>>>>>

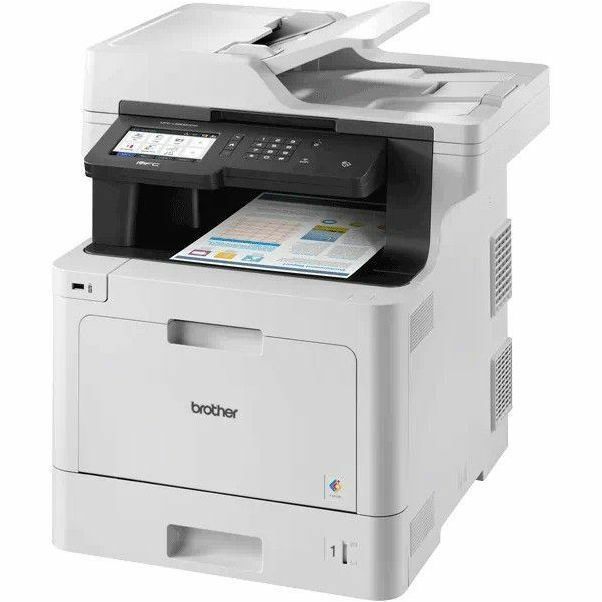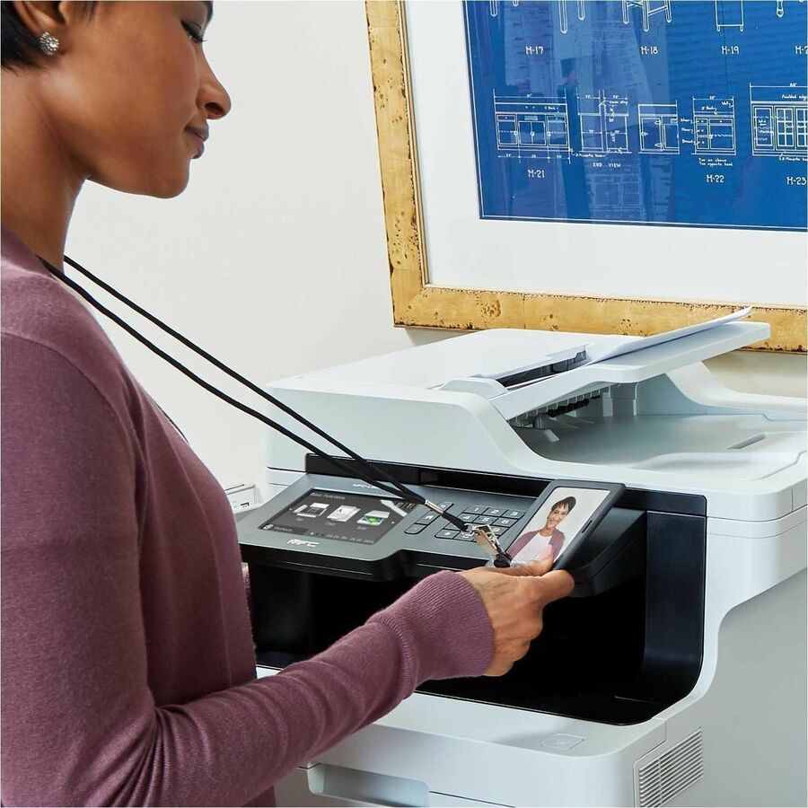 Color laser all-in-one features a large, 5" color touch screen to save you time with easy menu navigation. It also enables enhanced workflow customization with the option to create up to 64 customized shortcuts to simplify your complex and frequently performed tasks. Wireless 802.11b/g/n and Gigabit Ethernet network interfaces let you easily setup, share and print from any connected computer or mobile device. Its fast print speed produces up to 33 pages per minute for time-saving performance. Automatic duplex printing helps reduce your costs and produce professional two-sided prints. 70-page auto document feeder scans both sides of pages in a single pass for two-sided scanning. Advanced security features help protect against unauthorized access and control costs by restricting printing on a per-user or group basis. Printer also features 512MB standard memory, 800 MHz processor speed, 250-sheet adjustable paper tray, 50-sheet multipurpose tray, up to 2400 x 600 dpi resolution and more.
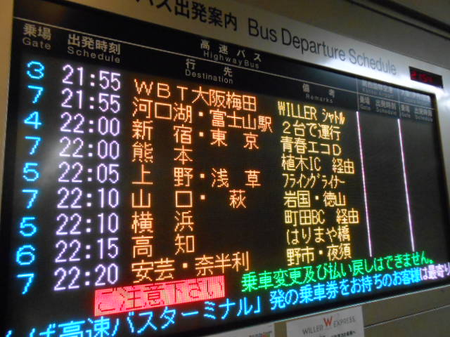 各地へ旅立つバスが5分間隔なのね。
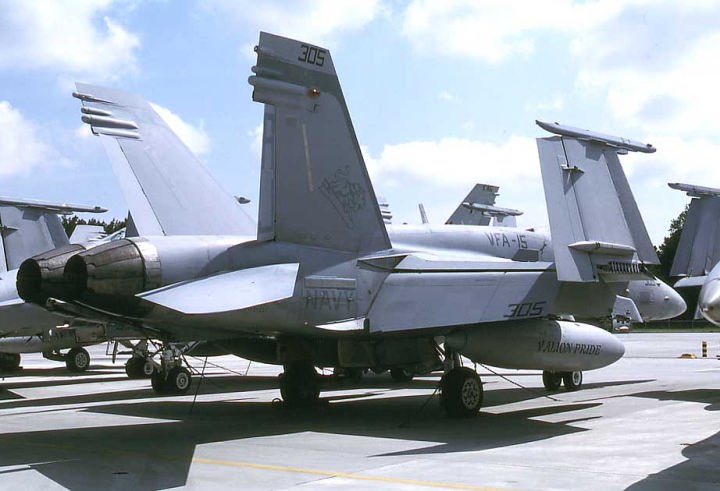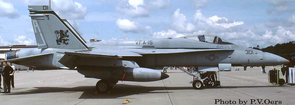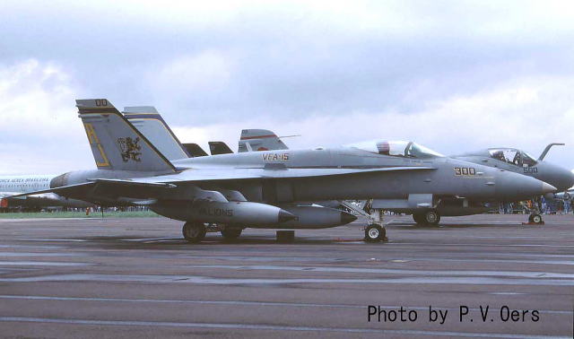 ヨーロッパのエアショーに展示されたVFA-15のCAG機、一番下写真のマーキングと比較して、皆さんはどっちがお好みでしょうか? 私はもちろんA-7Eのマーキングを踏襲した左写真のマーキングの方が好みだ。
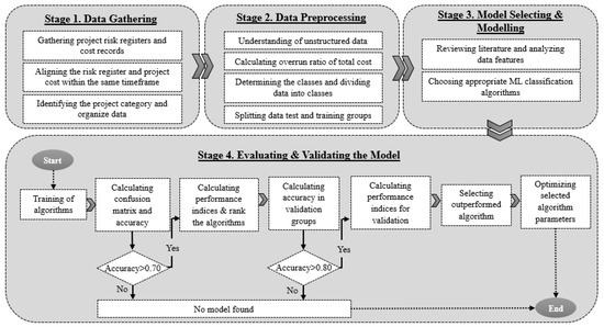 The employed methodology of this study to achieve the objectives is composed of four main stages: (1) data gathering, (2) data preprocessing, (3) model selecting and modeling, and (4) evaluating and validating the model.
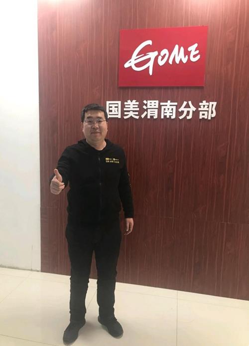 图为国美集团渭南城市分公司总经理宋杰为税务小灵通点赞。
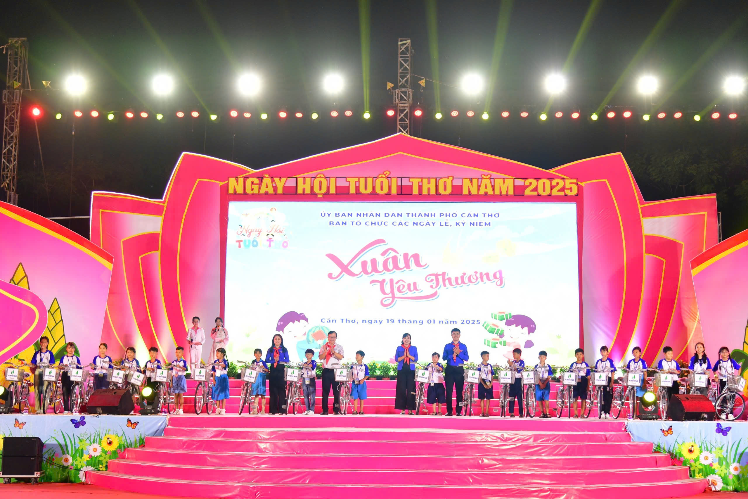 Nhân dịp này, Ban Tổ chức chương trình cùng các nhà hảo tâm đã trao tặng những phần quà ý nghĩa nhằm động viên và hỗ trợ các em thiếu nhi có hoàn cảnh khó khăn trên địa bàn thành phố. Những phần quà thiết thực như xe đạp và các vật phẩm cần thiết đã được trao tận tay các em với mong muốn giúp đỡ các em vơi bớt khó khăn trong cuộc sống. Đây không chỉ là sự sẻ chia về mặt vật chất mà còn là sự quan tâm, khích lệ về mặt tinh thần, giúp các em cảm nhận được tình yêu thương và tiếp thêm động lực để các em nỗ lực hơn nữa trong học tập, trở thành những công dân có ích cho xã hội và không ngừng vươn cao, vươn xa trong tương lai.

<<<<<
>>>>>

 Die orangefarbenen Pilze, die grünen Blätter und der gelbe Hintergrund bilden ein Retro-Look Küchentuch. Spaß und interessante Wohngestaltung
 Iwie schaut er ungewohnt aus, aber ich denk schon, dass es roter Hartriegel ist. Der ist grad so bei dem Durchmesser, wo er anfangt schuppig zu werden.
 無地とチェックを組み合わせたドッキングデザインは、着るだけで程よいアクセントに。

<<<<<
>>>>>

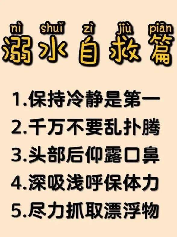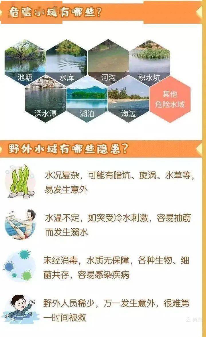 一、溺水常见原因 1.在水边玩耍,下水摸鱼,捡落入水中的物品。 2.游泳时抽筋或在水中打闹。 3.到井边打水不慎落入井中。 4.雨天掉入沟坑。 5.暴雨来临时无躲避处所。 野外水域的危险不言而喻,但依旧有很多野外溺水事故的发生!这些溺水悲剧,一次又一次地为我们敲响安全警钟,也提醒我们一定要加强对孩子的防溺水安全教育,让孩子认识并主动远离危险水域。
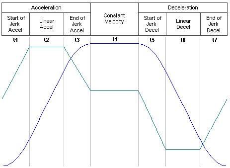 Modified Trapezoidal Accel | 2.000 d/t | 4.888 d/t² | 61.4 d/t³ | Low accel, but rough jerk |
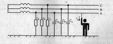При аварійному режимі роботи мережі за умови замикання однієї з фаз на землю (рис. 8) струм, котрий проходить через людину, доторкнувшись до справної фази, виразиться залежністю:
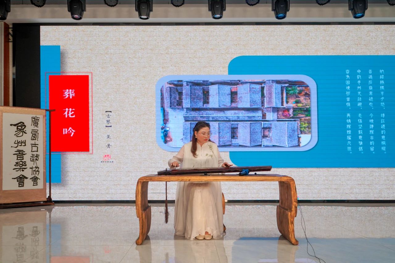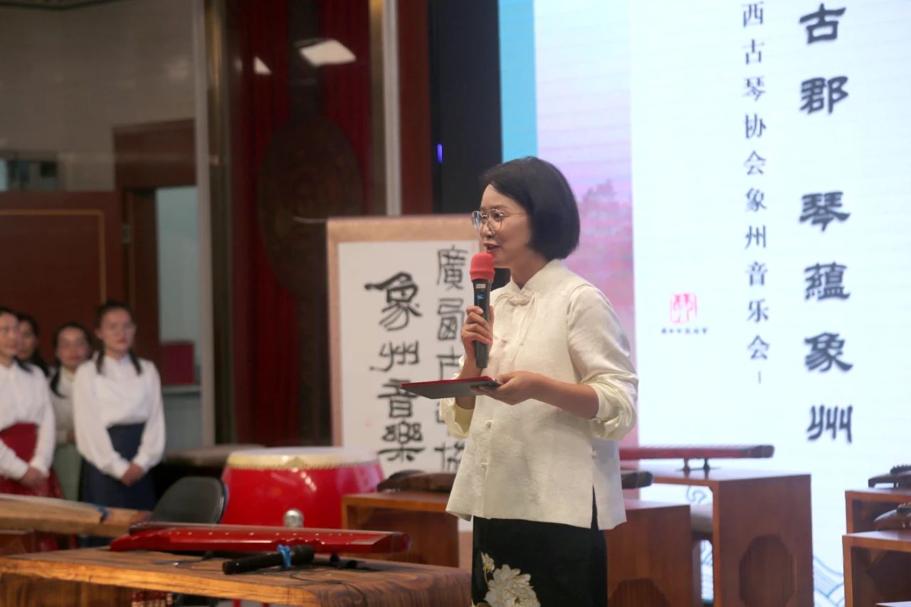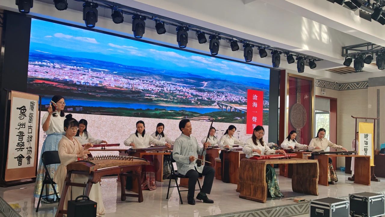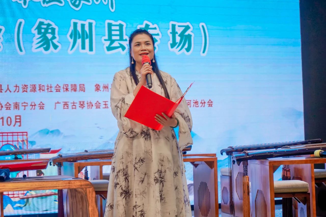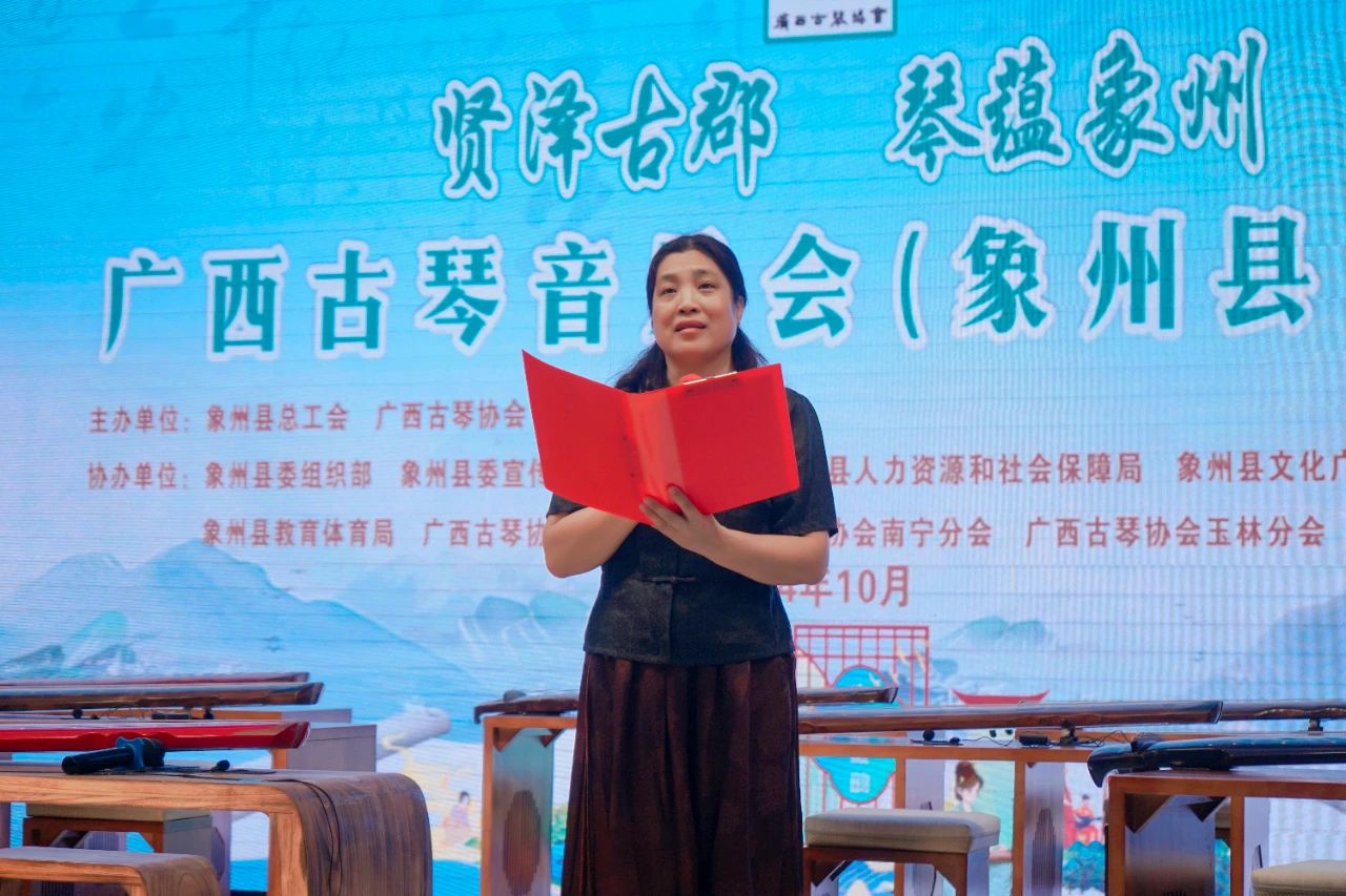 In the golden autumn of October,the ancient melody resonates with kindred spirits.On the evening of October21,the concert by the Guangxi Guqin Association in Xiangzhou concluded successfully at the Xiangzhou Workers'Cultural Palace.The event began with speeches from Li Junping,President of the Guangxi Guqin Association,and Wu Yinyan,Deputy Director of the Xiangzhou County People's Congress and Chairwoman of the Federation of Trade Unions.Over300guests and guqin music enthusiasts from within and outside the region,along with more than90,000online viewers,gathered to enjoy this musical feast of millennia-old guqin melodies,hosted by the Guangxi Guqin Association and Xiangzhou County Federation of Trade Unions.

<<<<<

AIM OF THE EXERCISE:
In the listing above, find the line containing "Iwie schaut er" and the line containing "無地とチェックを組み合わせた". Output them and every line between, exactly, and nothing else.

OUTPUT:
 Iwie schaut er ungewohnt aus, aber ich denk schon, dass es roter Hartriegel ist. Der ist grad so bei dem Durchmesser, wo er anfangt schuppig zu werden.
 無地とチェックを組み合わせたドッキングデザインは、着るだけで程よいアクセントに。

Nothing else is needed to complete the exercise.